Australian businesses stop exporting to China due to risk as trade tensions hit home.

Australian businesses stop exporting to China due to risk as trade tensions hit home.
Amid ongoing trade tensions between Canberra and Beijing, some Australian exporters are now so scared of having their products rejected at customs they have stopped shipping to China.
Exporter Andrew Ferguson recently had three shipments of live lobsters die in China because of lengthy delays in customs testing.

China began more stringent testing because it said high levels of cadmium had been found in some shipments.

But Mr Ferguson has questioned whether he is a casualty of escalating political tensions between the Australian and Chinese governments.

“The lobsters were out of the water too long and they died while they were waiting to be cleared,” he said.

“The cost was significant.”

He said it was too risky to continue shipping to China.

“Staff are probably my biggest stress,” he told 7.30.

“The sooner I can kick something back off and get things going again, it’ll make things better for them and we won’t lose those staff.”

Some Chinese importers have told wine, sugar, wool, copper and coal suppliers their goods will no longer clear customs either.
Amid the prolonged tensions, Prime Minister Scott Morrison on Monday evening said Australia would not back down on its foreign policy agenda.

“The global competition between the US and China presents new challenges,” he said in a speech to the British Policy Exchange.

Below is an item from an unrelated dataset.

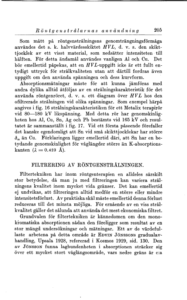FILTRERING AV RÖNTGENSTRÅLNINGEN.
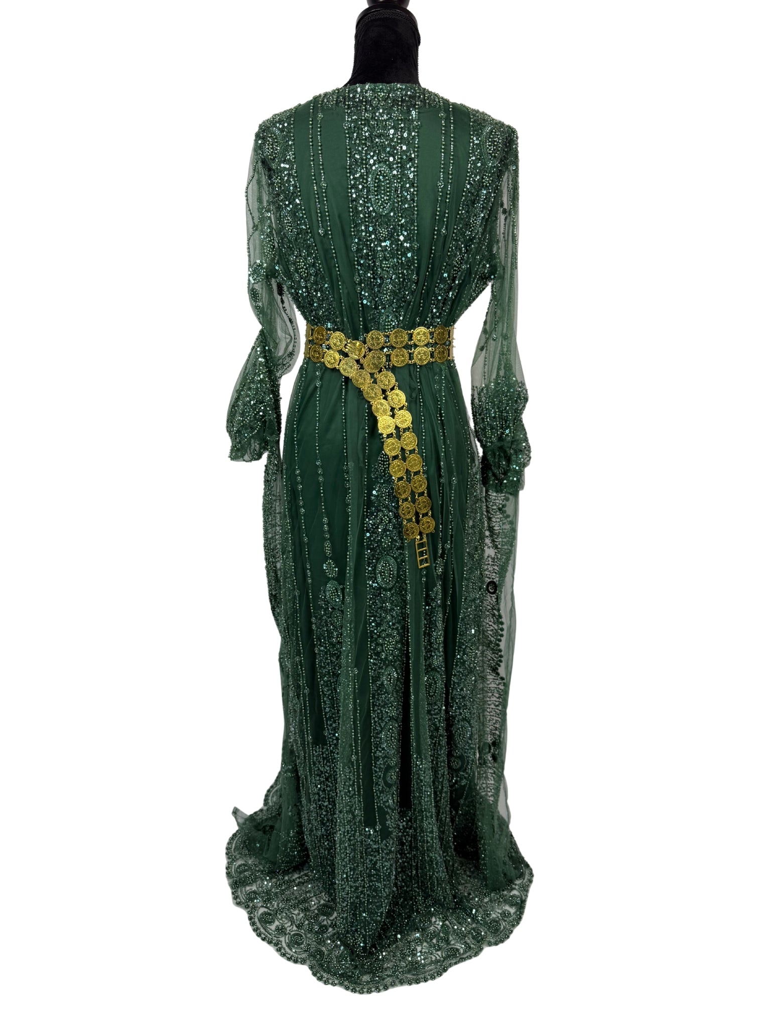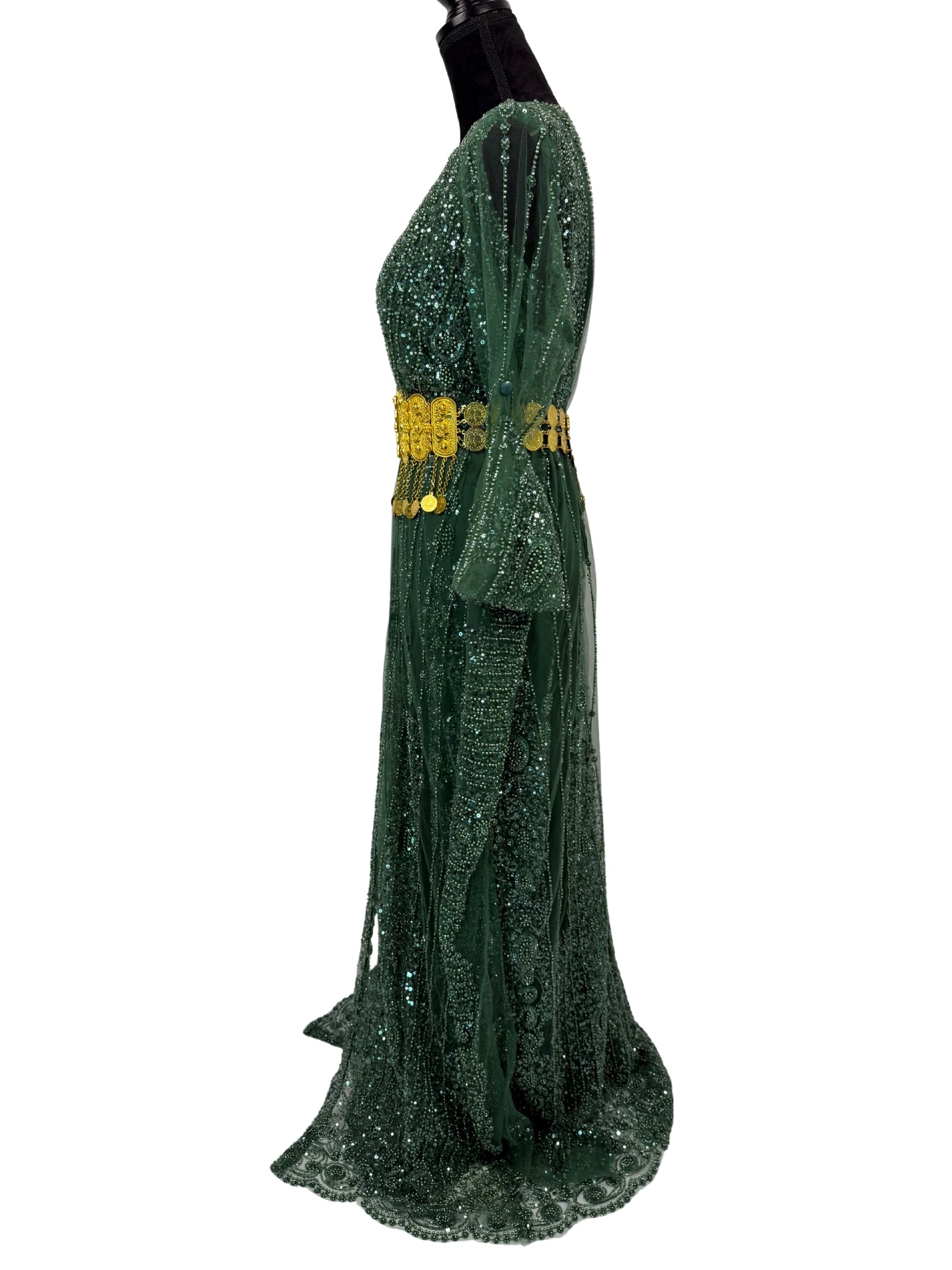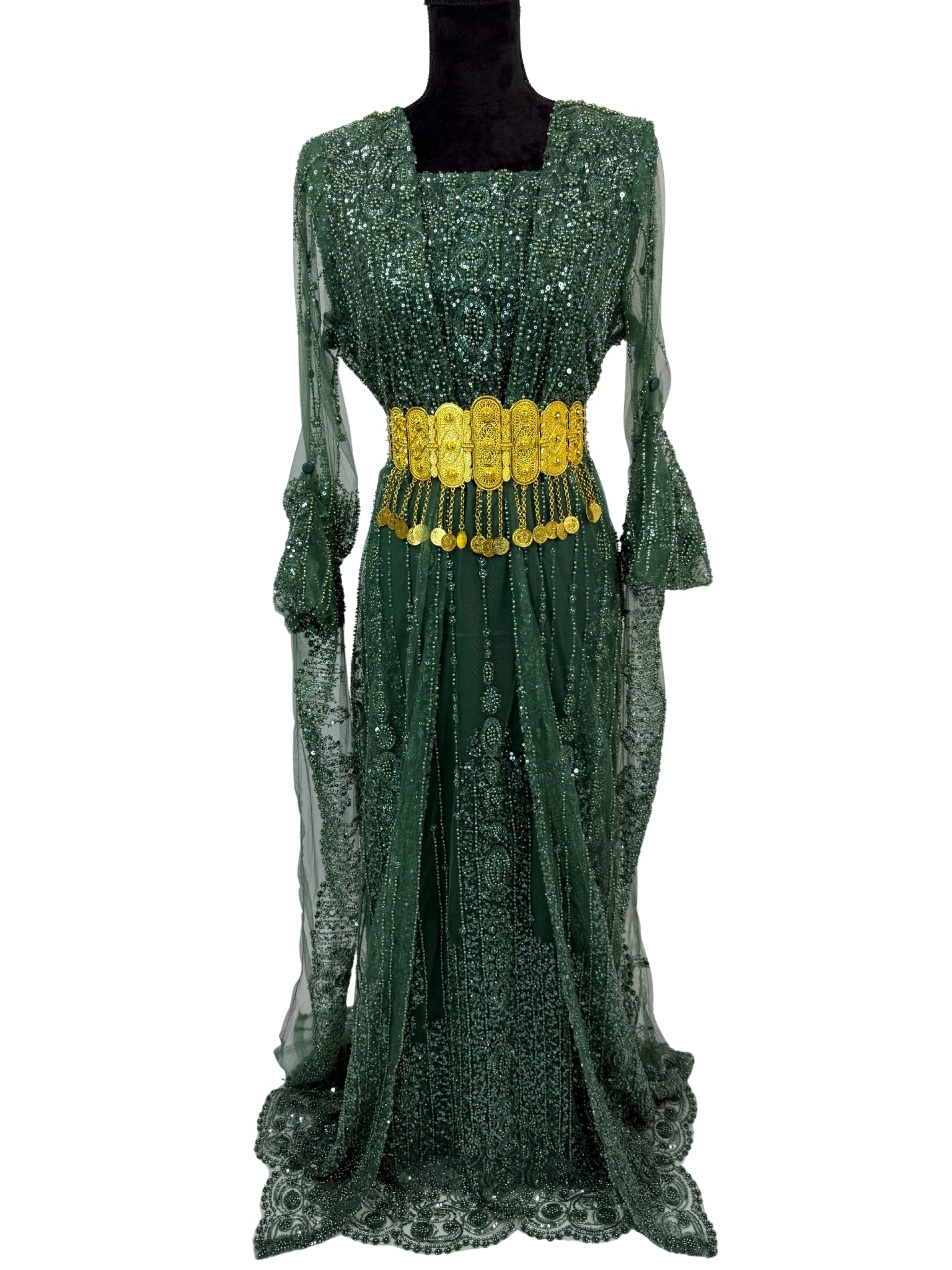 Jilenpiroz Kesk Jihan groene Koerdische jurk met kralen en gouden riem – voorkant

“Like other sovereign nations in the Indo-Pacific, our preference is Australia is not forced into any binary choices.”

In what some may have seen as an olive branch, Mr Morrison also praised China’s economic and social growth, saying: “No country has pulled more people out of poverty”.

In a Chinese Ministry of Foreign Affairs briefing on Tuesday, spokesman Zhao Lijian said China had “noted Prime Minister Morrison’s positive comments on the global influence of China’s economic growth and China’s poverty alleviation efforts”.

“On China-Australia relations, we hope Australia will make independent, objective, sensible choices that serve its own interests,” he said.

The Chinese embassy in Australia directed 7.30 to Mr Zhao’s briefing when asked to comment on the ongoing trade dispute.

Whether an apparent softening of tone from China will have an impact on exporters remains to be seen.

Leconfield wine marketer Damien White said he decided to postpone a $130,000 shipment to China out of fear it would be rejected, then had an order cancelled.

“It’s been a tough year for everybody and this is a bit of a nail in the coffin really,” he said.

“There needs to be some urgency around this topic.

“We need some answers and we need some official responses from Government so we understand what the direction is.”

Earlier this year, Australian barley was hit with a hefty tariff, some beef exports were banned and an anti-dumping probe was launched into 10 wine companies.

Research director at Perth USAsia, Jeffrey Wilson, said the economic impact of the dispute was mounting.

Trade data shows 94 per cent of Australia’s timber and lobster shipments, 76 per cent of wool and 71 per cent of cotton exports go to China.

“But the reality is there’s been a number of difficulties and irritants in the Australia-China relationship that have been brewing over many years, including issues of Chinese foreign interference in Australia, its militarisation of the South China Sea, and a number of human rights abuses as well.”